Единственное, в чем я могу не успеть, — пункт второй. Это ах как сложно! Во-первых, кошмарная ст. 77-прим, а во-вторых, слишком нас мало — даже уголовной стихии нам пока не под силу противостоять. Но тут я надеюсь на скорое появление группы украинцев, которых, я слышал, наарестовали в январе этого года. Некоторых из них я знаю, ребята крепкие — какую-никакую кашу с ними сварить можно. Поскольку я тут надолго, я не могу не пытаться очеловечить свои условия. Конечно, старостат — мечта неосуществимая в обозримом будущем. Когда-то, еще на заре века, за него было пролито много кропи, в двадцатые годы он еще кое-где сохранялся, благо сидели некоторые из тех, кто и раньше сидел (помнишь анкету Радека? «Чем занимался до революции?» — «Сидел и ждал». — «Чем — после революции?» — «Дождался и сижу»), — живые носители бойцовских традиций царских узилищ, а новые тюремщики — сами недавние арестанты — еще совестились обрушивать на вчерашних соузников накопленный в тюрьмах опыт… Но когда за старостат уже не кровь стали пускать, а просто-таки головы отрывать, он умер. Какой, к чертовой матери, старостат, если тут запрещено даже жалобу за другого написать («человек человеку друг, товарищ и брат!»). Но что-то надо все-таки делать, чтобы превратить… войну «всех против всех», перманентную, бесконечную джунглевую грызню, ни на миг не затихающую в дебрях лагерного быта, в сознательное сплоченное противостояние всему (г-)адскому. Причем, говоря об уголовниках, не надо обладать большой проницательностью, чтобы предсказать, на чьей стороне будет администрация. Отношение советского обывателя к уголовнику двойственное — он боится и ненавидит его, уличного грабителя, насильника и хулигана, но одобрительно (или по меньшей мере равнодушно) взирает на него, если он предстает в обличье расхитителя государственной собственности, ибо «кто Богу не грешен, царю не виноват?», то бишь — кто же не крадет у государства? «Не украдешь — не проживешь», «Хочешь жить — умей вертеться», «Ну и лопух — ни украсть, ни покараулить» — вот концентрированное выражение философии рядового гражданина, выросшего в склочных очередях за хлебом, возмужавшего и постаревшего в «доставании по блату» и продаже из-под полы, в левых заработках, халтурах и мелких хищениях чего ни попадя с родного завода…

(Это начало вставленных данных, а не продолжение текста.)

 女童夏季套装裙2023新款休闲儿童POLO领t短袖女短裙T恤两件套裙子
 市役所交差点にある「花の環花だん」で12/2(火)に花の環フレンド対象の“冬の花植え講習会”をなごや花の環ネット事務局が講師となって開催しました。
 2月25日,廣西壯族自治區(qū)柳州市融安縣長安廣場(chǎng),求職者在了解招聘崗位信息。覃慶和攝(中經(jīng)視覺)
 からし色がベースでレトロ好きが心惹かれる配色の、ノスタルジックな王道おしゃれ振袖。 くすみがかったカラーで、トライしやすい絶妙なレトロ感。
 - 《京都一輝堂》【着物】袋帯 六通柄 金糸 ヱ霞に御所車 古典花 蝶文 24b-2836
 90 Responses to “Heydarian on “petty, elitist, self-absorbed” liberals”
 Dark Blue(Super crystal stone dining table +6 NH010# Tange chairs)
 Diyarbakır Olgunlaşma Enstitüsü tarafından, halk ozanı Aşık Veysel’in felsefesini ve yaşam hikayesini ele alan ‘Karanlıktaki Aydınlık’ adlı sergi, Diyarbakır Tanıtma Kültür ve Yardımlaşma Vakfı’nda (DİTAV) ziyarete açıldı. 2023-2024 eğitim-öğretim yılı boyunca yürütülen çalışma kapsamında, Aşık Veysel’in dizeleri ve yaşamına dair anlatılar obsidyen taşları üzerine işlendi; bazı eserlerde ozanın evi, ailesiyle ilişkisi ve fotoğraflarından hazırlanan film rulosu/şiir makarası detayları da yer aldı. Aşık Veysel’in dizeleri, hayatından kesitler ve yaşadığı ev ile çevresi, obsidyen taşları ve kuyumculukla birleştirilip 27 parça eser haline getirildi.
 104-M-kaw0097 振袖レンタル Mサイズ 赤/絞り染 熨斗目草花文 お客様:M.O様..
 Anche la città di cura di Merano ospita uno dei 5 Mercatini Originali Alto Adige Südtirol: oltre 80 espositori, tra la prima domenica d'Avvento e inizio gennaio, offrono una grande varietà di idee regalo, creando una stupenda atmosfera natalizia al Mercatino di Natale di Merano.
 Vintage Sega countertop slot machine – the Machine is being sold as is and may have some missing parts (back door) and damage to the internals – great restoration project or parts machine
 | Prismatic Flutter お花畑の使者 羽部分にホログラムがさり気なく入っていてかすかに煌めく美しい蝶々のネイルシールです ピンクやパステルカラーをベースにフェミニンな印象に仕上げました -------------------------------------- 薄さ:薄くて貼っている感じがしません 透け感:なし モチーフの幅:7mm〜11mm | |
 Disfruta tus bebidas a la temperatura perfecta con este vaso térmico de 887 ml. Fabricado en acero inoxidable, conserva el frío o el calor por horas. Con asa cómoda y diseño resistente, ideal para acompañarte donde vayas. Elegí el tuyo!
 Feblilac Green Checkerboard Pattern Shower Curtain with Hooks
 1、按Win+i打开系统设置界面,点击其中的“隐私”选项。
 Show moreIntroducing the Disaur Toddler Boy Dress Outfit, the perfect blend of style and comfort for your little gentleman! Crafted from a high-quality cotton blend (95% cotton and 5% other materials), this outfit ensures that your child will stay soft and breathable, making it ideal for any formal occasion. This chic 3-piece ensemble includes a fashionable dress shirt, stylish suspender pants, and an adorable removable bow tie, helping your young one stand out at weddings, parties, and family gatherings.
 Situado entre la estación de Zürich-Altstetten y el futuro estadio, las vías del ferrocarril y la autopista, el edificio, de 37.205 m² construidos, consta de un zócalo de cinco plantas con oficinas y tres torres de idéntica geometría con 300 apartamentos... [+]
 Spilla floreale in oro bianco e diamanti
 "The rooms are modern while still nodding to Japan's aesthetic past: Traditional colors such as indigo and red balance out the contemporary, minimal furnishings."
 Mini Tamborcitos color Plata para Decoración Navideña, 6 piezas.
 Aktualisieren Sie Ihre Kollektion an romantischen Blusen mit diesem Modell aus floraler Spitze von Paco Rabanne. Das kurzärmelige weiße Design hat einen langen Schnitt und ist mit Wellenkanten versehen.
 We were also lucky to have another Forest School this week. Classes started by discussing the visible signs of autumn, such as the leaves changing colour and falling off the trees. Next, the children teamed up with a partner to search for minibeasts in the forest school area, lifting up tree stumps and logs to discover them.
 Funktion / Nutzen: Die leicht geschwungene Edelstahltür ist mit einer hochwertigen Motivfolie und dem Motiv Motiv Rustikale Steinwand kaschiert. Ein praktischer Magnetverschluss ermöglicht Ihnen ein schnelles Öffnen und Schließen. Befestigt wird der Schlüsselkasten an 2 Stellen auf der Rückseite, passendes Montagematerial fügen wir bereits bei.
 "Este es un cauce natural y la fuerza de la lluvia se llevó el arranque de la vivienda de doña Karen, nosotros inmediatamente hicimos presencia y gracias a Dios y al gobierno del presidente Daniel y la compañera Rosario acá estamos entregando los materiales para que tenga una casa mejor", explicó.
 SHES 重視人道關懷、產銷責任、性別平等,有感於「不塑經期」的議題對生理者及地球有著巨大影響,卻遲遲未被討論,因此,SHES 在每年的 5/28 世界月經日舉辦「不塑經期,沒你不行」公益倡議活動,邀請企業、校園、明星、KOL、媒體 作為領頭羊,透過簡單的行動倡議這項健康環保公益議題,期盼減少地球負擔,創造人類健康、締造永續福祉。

Третья задача дается мне тоже нелегко, может быть, и через, карцеры, но, вообще говоря, отвечать на всякий удар двойным — в моей крови, и я даже с известным чувством облегчения забрасываю свое перо в дальний угол, намертво пряча немногие сохранившиеся у меня искорябанные мельчайшим бисером буковок бумажки и, весело покряхтывая, расправляю занемевшие члены.
А через какое-то время, когда от меня немножко поотстанут, я, может, опять тихонько извлеку свое перо. Но скажу тебе честно, что с тех пор, как появился шанс (увы, хоть мы и приложили к этому руку, не для нас пока, но и для нас тоже — пусть и в далекой перспективе)… с тех пор, как появился шанс выскользнуть из костоломных скифских объятий, я все чаще задумываюсь: не слишком ли это дорогая цена, срок, за те слова, которые ты (только потерпи пока!) свободно выскажешь завтра (то есть лет этак через 10–12) в каком-нибудь закордонье, где справедливо приложимо недавно вычитанное мною у кого-то утверждение, что противостояние властям, бунт имеют соблазнительный привкус грозящего за него наказания… Бывают же такие страны, где противостояние властям имеет соблазнительный привкус наказания, которое всего лишь грозит!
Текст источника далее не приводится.